Photo of large hydroelectric turbine
Carmen Smith Hydroelectric Project is Preparing For a Very LARGE Delivery 04/13/2017

Much of the major Carmen Smith powerhouse generating equipment has been in service since 1963, and is operating beyond its expected life span. In late 2016, EWEB submitted an updated relicensing application to the Federal Energy Regulatory Commission for review, and while we expect that it will take the rest of 2017 and possibly part of 2018 for FERC to complete and issue the new license, some modernization work is moving forward.  

Staff recently completed the overhaul of the powerhouse gantry crane.  The gantry crane is necessary for moving large equipment into and out of the powerhouse. The weight of the major powerhouse equipment planned for replacement ranges from 40 tons up to 140 tons. The next big piece of work is replacing two failing turbine shut-off valves.  

The turbine shutoff valves at the Carmen Powerhouse stop water flow to the turbines, protecting the equipment from damage and allowing periodic inspection of, and repairs to, the turbines. Recent testing revealed that the existing 55-year-old valves leak at a rate of approximately 3,400 gallons per minute. Because of this, inspection of the turbines has not been possible for three years.  

The new replacement valves were forged in Italy and assembled in Switzerland. They will be shipping overseas soon and are expected to arrive on the project at the beginning of June.
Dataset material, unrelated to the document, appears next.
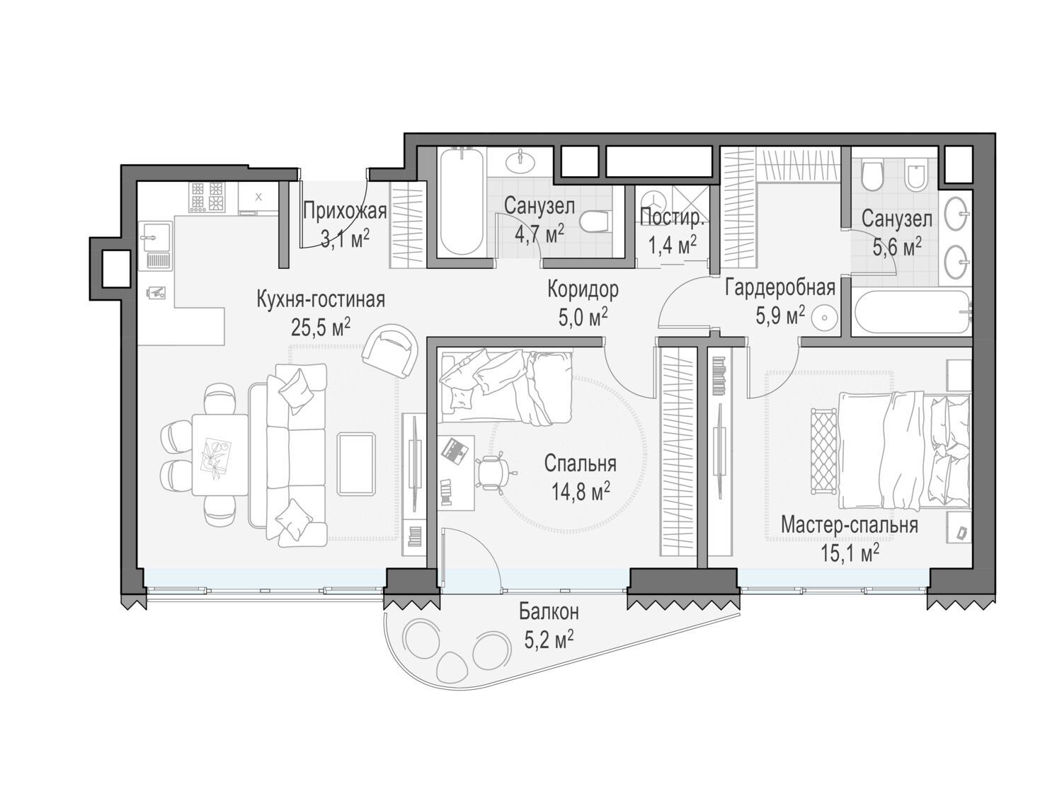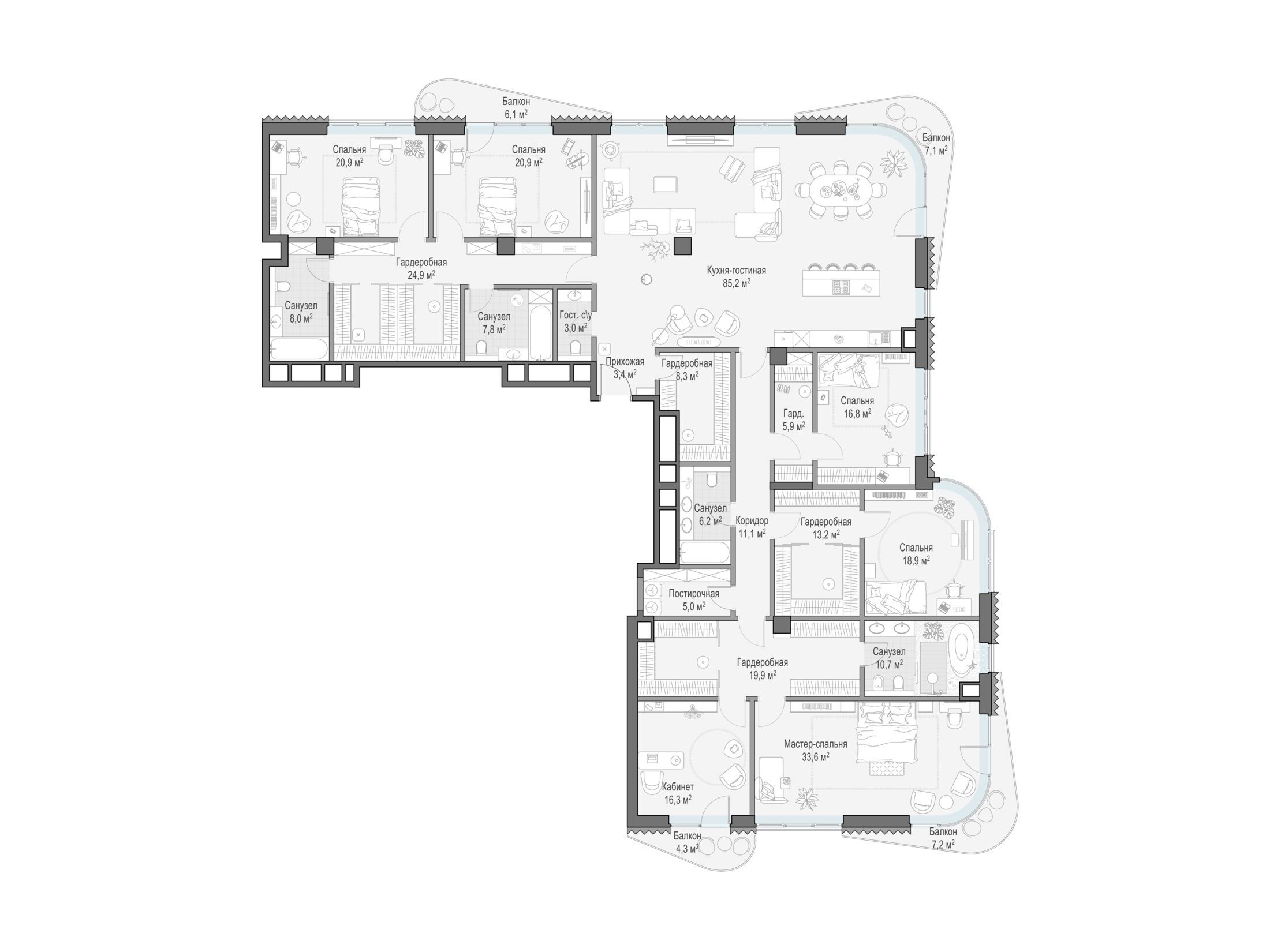 Архитектура дома помогает раскрыть панорамные виды на Кремль из большинства квартир. На просторных балконах и террасах можно комфортно проводить время, наслаждаясь очарованием исторического центра Москвы.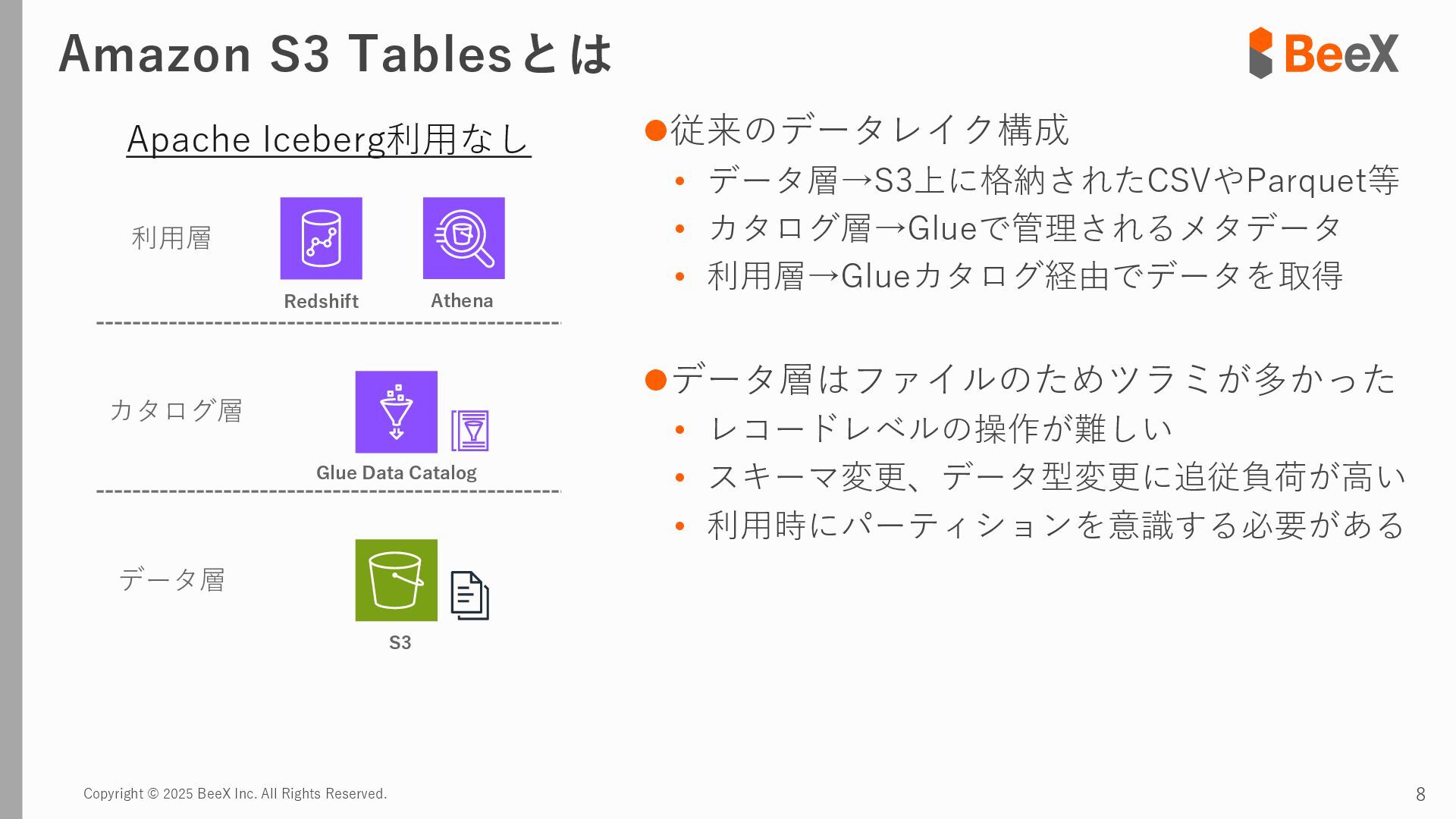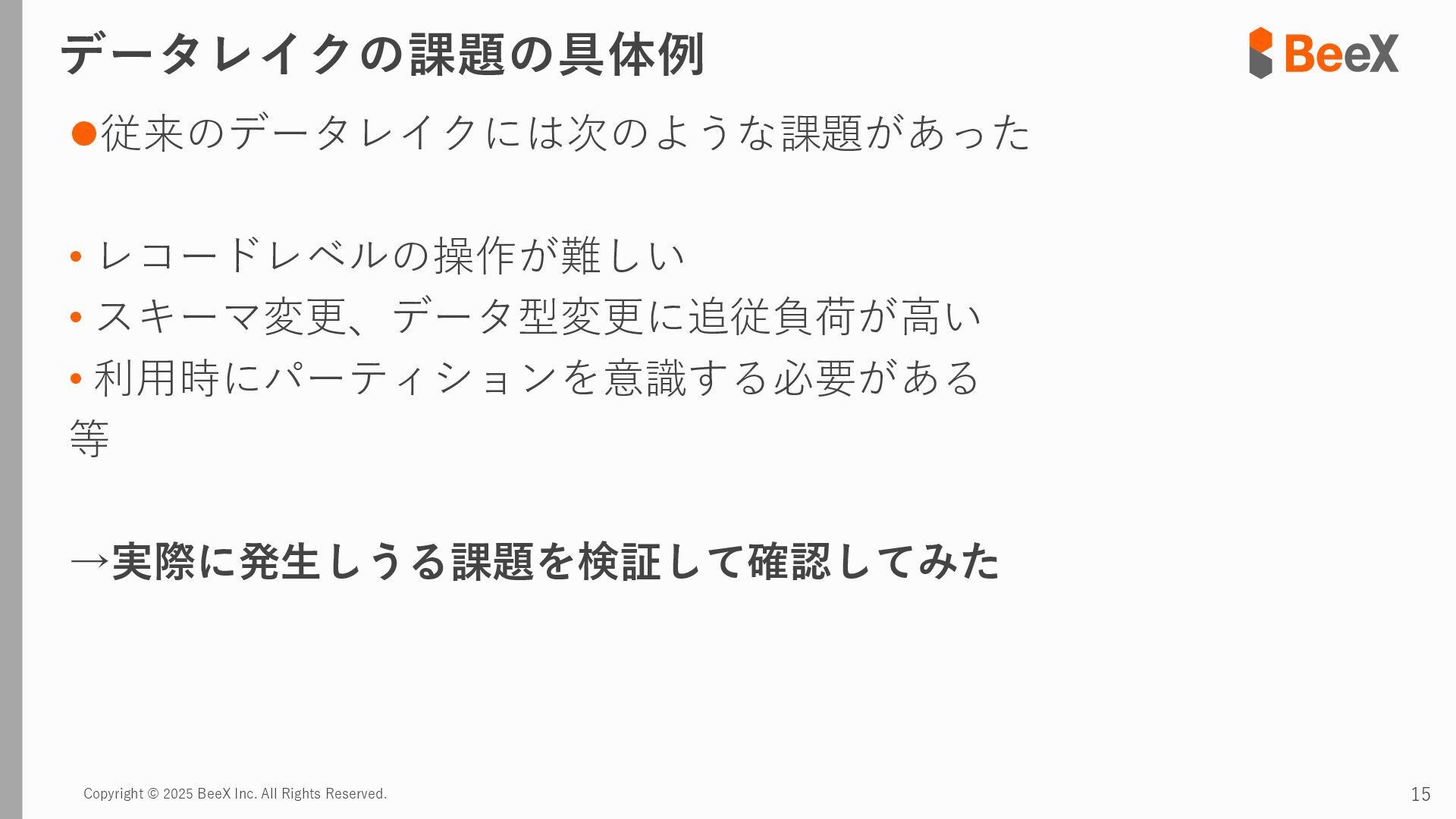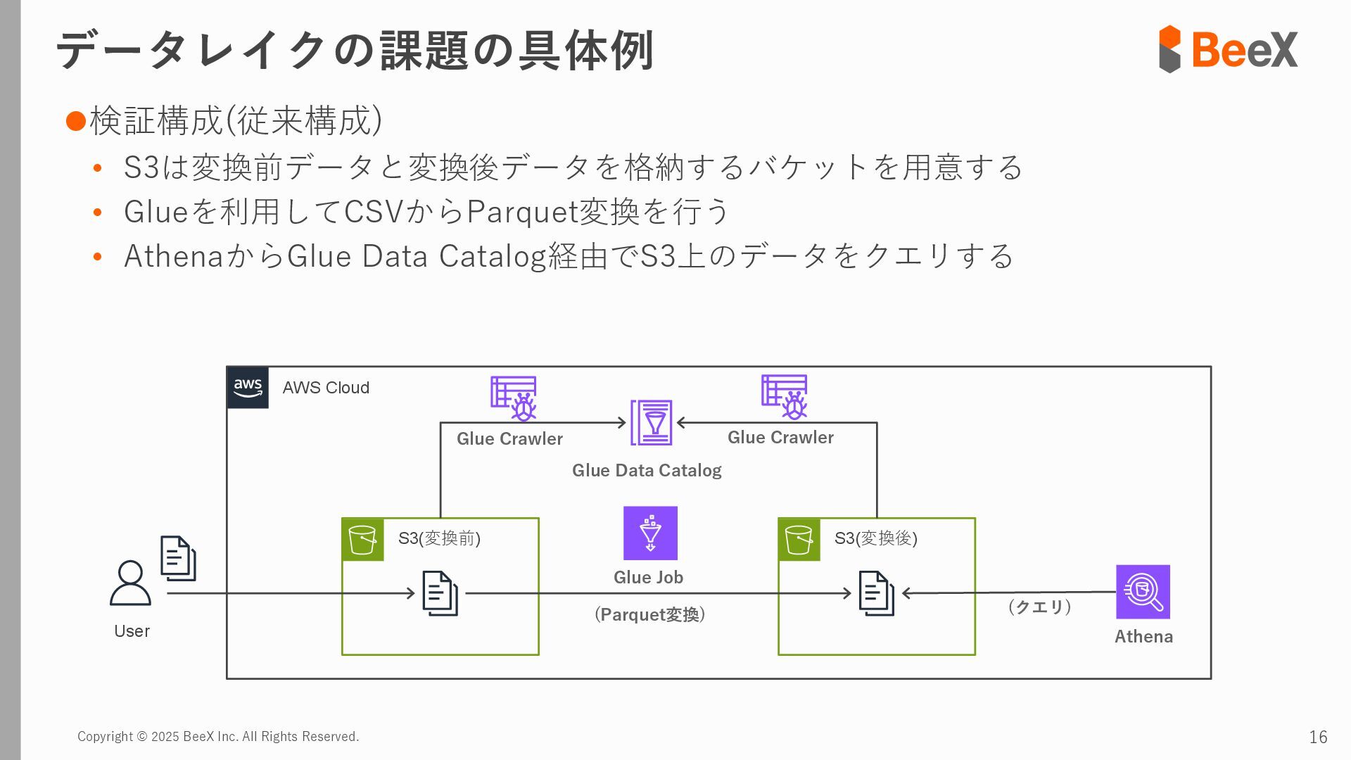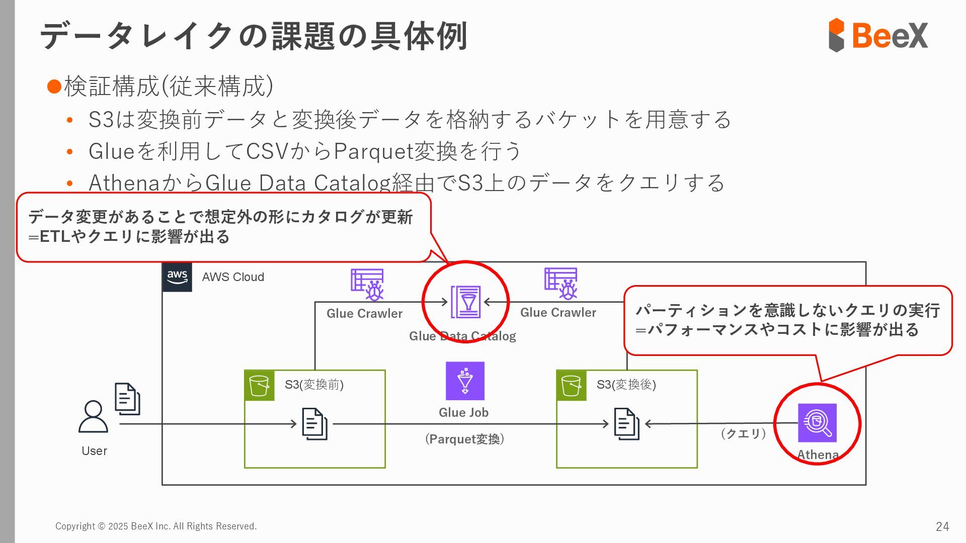 ⚫パターン3 連携途中でデータ型が変更された場合 timestamp,device_id,location,temperature_celsius,humidity_percent,battery_level,status 2024-11-13 12:00:00,TH-003,warehouse_a_zone3,23.8,43.5,89.0,0 2024-11-13 12:00:00,TH-004,warehouse_b_zone1,26.0,39.5,75.0,2 2024-11-13 12:00:00,TH-005,warehouse_b_zone2,24.7,41.6,82.0,0 2024-11-13 18:00:00,TH-001,warehouse_a_zone1,T23.4,43.8,92.5,0 2024-11-13 18:00:00,TH-002,warehouse_a_zone2,T24.0,42.4,85.5,0 2024-11-13 18:00:00,TH-003,warehouse_a_zone3,T22.7,45.1,89.5,0 temperature_celsius: Float型(22.5) battery_level: Integer型(95) status: String型("normal", "warning") temperature_celsius: String型("T23.4") battery_level: Float型(92.0, 92.5など) status: Integer型(0=normal, 1=warning, 2=error) 2024-11-13 18:00分から 以下のようにデータ型が変わるケース

A plant outage is necessary to accommodate the valve replacement work. The intent is to dewater the power tunnel/penstock system and be ready to start demolition activities shortly after the valves arrive at Carmen.  

In addition to modernizing and replacing equipment at the Carmen Powerhouse and elsewhere throughout the hydroelectric generation project, we will make significant improvements to fish passage facilities and habitat, and upgrade Trail Bridge and Lakes End campgrounds. In order to complete the project safely, we closed public access to Trail Bridge and Lakes End campgrounds, the Trail Bridge Reservoir boat launch and Smith Reservoir. Read more about the five-year closures.  

The Carmen plant remains valuable as a carbon-free generation resource that can ramp up and down to meet customers' peak energy needs. In other words, Carmen operates when our community needs power the most and when buying that power on the wholesale market would be most expensive. We expect to invest approximately $100 million modernizing the project and making the habitat and recreation improvements.